WHAT YOU WILL DO
Would you transcribe the whole listing exactly and drop its images?

SOURCE MATERIAL

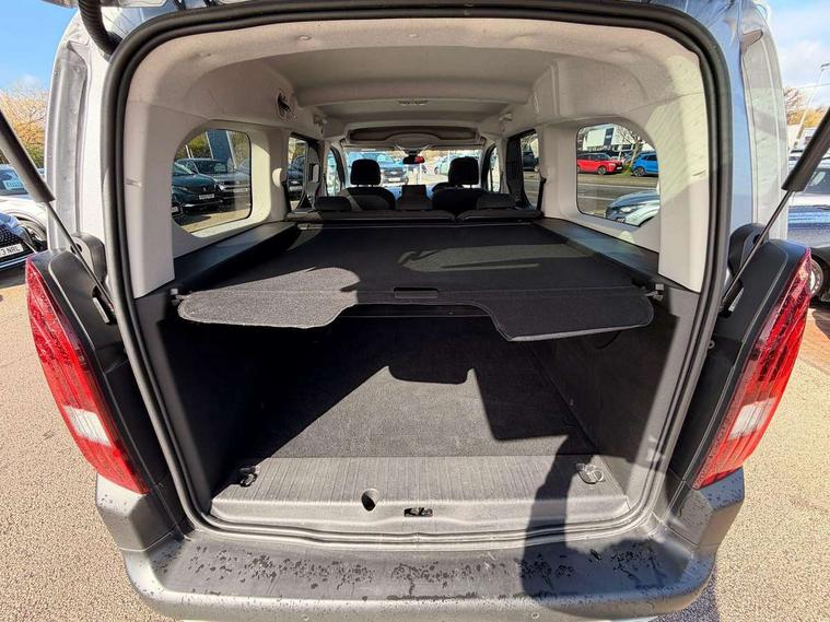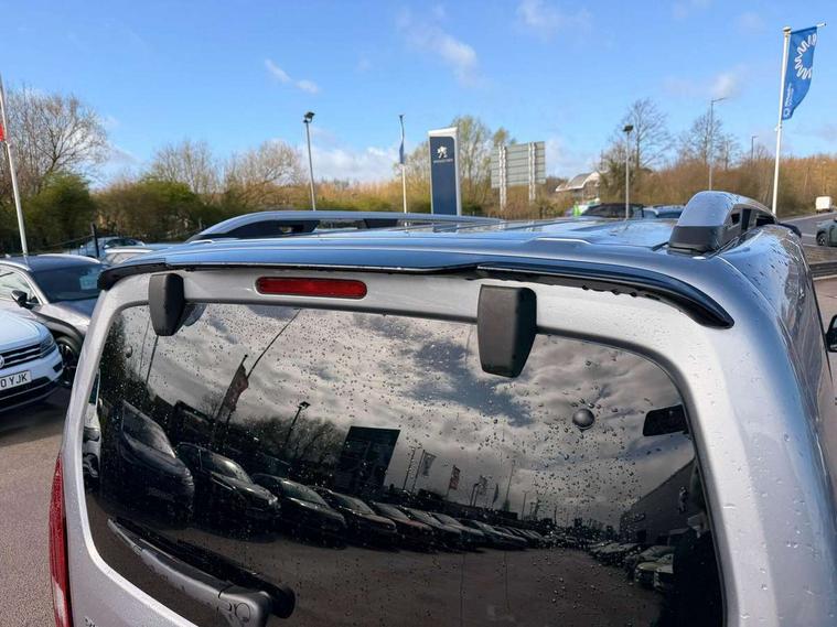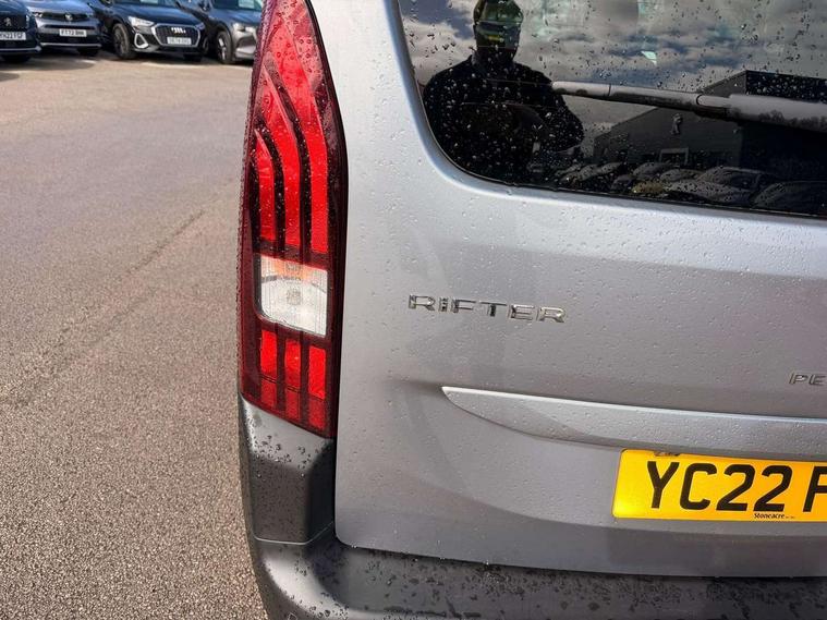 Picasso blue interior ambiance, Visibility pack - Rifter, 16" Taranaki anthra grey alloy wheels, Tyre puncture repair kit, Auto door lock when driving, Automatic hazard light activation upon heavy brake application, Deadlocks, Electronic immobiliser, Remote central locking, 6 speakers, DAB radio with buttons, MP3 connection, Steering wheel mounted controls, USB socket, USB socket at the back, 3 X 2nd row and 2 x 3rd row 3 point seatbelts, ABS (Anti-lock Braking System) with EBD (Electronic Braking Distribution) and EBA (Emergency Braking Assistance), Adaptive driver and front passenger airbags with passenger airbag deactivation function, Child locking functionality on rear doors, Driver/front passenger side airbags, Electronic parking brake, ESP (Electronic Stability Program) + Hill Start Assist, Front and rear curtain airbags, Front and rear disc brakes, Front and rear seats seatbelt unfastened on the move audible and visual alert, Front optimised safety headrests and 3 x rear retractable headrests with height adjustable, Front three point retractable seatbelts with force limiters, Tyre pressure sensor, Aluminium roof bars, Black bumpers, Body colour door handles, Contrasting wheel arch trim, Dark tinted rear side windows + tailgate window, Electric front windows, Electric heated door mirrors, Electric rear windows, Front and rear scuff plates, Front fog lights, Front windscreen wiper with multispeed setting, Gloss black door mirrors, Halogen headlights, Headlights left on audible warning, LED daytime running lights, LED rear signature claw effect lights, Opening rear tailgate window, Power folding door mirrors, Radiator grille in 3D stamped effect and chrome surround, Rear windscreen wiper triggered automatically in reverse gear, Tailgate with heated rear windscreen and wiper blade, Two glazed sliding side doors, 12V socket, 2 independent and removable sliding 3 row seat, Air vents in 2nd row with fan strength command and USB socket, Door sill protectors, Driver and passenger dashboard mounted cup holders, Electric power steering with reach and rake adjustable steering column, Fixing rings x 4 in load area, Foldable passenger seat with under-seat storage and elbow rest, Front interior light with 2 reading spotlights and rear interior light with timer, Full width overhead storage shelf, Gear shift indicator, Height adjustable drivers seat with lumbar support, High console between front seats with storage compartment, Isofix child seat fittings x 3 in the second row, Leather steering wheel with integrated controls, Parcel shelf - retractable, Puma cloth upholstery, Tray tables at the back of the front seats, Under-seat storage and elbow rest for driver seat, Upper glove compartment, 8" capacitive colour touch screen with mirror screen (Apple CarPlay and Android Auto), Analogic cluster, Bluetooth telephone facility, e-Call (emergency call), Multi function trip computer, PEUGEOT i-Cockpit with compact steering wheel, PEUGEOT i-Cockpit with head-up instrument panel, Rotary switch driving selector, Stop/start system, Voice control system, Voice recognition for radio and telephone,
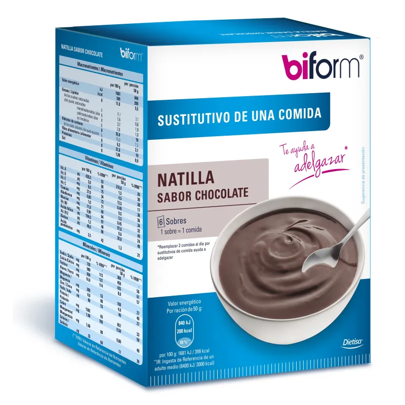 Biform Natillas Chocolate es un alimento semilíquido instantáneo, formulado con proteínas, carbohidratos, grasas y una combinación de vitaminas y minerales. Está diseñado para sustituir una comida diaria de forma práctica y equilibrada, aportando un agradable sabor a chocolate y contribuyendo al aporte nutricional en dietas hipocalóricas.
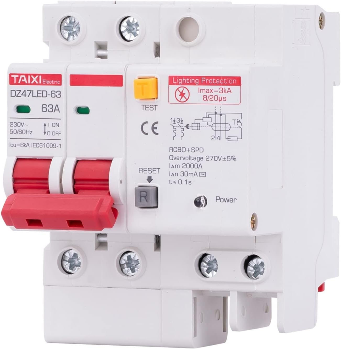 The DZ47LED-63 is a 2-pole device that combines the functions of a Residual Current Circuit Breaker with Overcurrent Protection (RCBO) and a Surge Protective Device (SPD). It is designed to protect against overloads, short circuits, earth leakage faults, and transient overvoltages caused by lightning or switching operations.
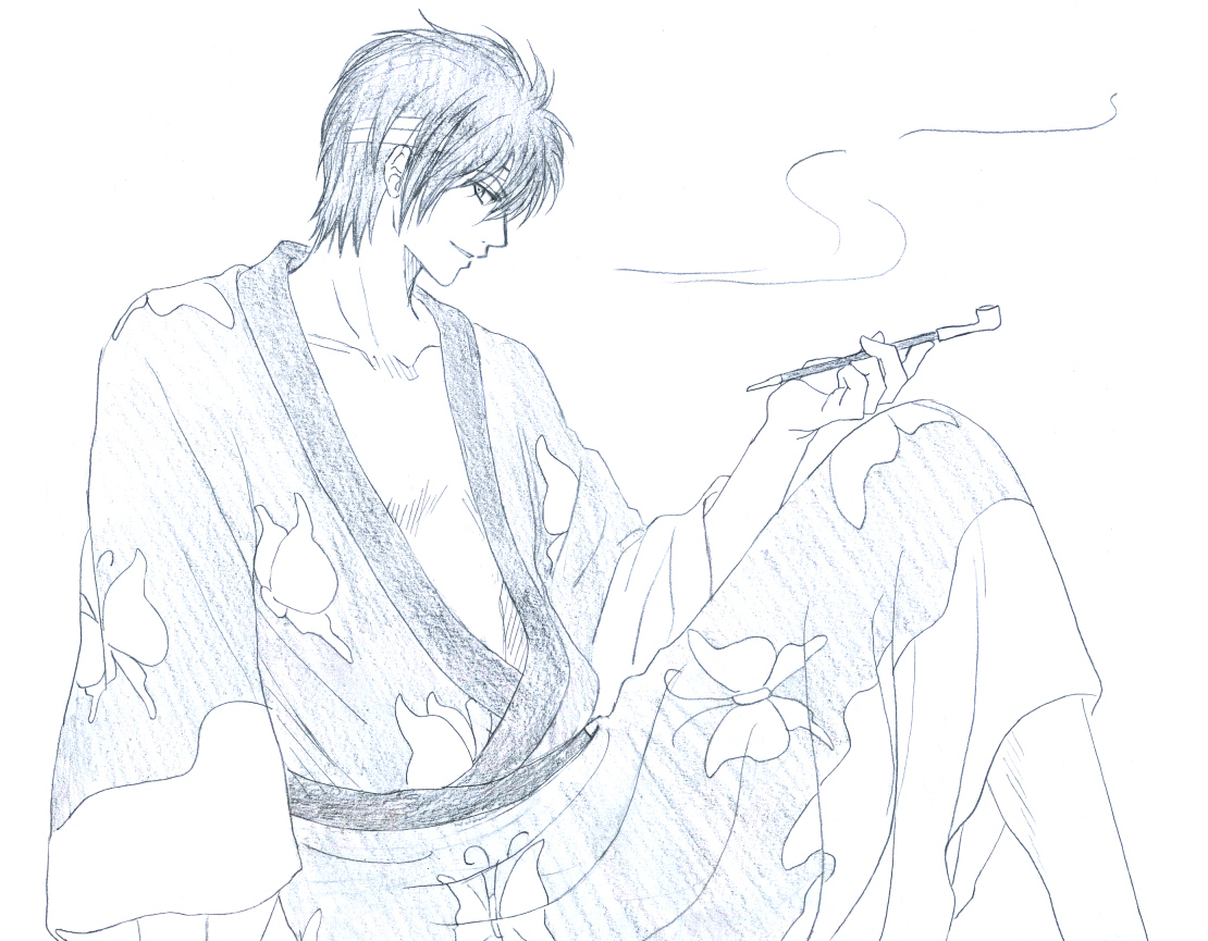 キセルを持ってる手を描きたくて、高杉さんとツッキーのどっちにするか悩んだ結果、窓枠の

YOUR SOLUTION
 Picasso blue interior ambiance, Visibility pack - Rifter, 16" Taranaki anthra grey alloy wheels, Tyre puncture repair kit, Auto door lock when driving, Automatic hazard light activation upon heavy brake application, Deadlocks, Electronic immobiliser, Remote central locking, 6 speakers, DAB radio with buttons, MP3 connection, Steering wheel mounted controls, USB socket, USB socket at the back, 3 X 2nd row and 2 x 3rd row 3 point seatbelts, ABS (Anti-lock Braking System) with EBD (Electronic Braking Distribution) and EBA (Emergency Braking Assistance), Adaptive driver and front passenger airbags with passenger airbag deactivation function, Child locking functionality on rear doors, Driver/front passenger side airbags, Electronic parking brake, ESP (Electronic Stability Program) + Hill Start Assist, Front and rear curtain airbags, Front and rear disc brakes, Front and rear seats seatbelt unfastened on the move audible and visual alert, Front optimised safety headrests and 3 x rear retractable headrests with height adjustable, Front three point retractable seatbelts with force limiters, Tyre pressure sensor, Aluminium roof bars, Black bumpers, Body colour door handles, Contrasting wheel arch trim, Dark tinted rear side windows + tailgate window, Electric front windows, Electric heated door mirrors, Electric rear windows, Front and rear scuff plates, Front fog lights, Front windscreen wiper with multispeed setting, Gloss black door mirrors, Halogen headlights, Headlights left on audible warning, LED daytime running lights, LED rear signature claw effect lights, Opening rear tailgate window, Power folding door mirrors, Radiator grille in 3D stamped effect and chrome surround, Rear windscreen wiper triggered automatically in reverse gear, Tailgate with heated rear windscreen and wiper blade, Two glazed sliding side doors, 12V socket, 2 independent and removable sliding 3 row seat, Air vents in 2nd row with fan strength command and USB socket, Door sill protectors, Driver and passenger dashboard mounted cup holders, Electric power steering with reach and rake adjustable steering column, Fixing rings x 4 in load area, Foldable passenger seat with under-seat storage and elbow rest, Front interior light with 2 reading spotlights and rear interior light with timer, Full width overhead storage shelf, Gear shift indicator, Height adjustable drivers seat with lumbar support, High console between front seats with storage compartment, Isofix child seat fittings x 3 in the second row, Leather steering wheel with integrated controls, Parcel shelf - retractable, Puma cloth upholstery, Tray tables at the back of the front seats, Under-seat storage and elbow rest for driver seat, Upper glove compartment, 8" capacitive colour touch screen with mirror screen (Apple CarPlay and Android Auto), Analogic cluster, Bluetooth telephone facility, e-Call (emergency call), Multi function trip computer, PEUGEOT i-Cockpit with compact steering wheel, PEUGEOT i-Cockpit with head-up instrument panel, Rotary switch driving selector, Stop/start system, Voice control system, Voice recognition for radio and telephone,
 Biform Natillas Chocolate es un alimento semilíquido instantáneo, formulado con proteínas, carbohidratos, grasas y una combinación de vitaminas y minerales. Está diseñado para sustituir una comida diaria de forma práctica y equilibrada, aportando un agradable sabor a chocolate y contribuyendo al aporte nutricional en dietas hipocalóricas.
 The DZ47LED-63 is a 2-pole device that combines the functions of a Residual Current Circuit Breaker with Overcurrent Protection (RCBO) and a Surge Protective Device (SPD). It is designed to protect against overloads, short circuits, earth leakage faults, and transient overvoltages caused by lightning or switching operations.
 キセルを持ってる手を描きたくて、高杉さんとツッキーのどっちにするか悩んだ結果、窓枠の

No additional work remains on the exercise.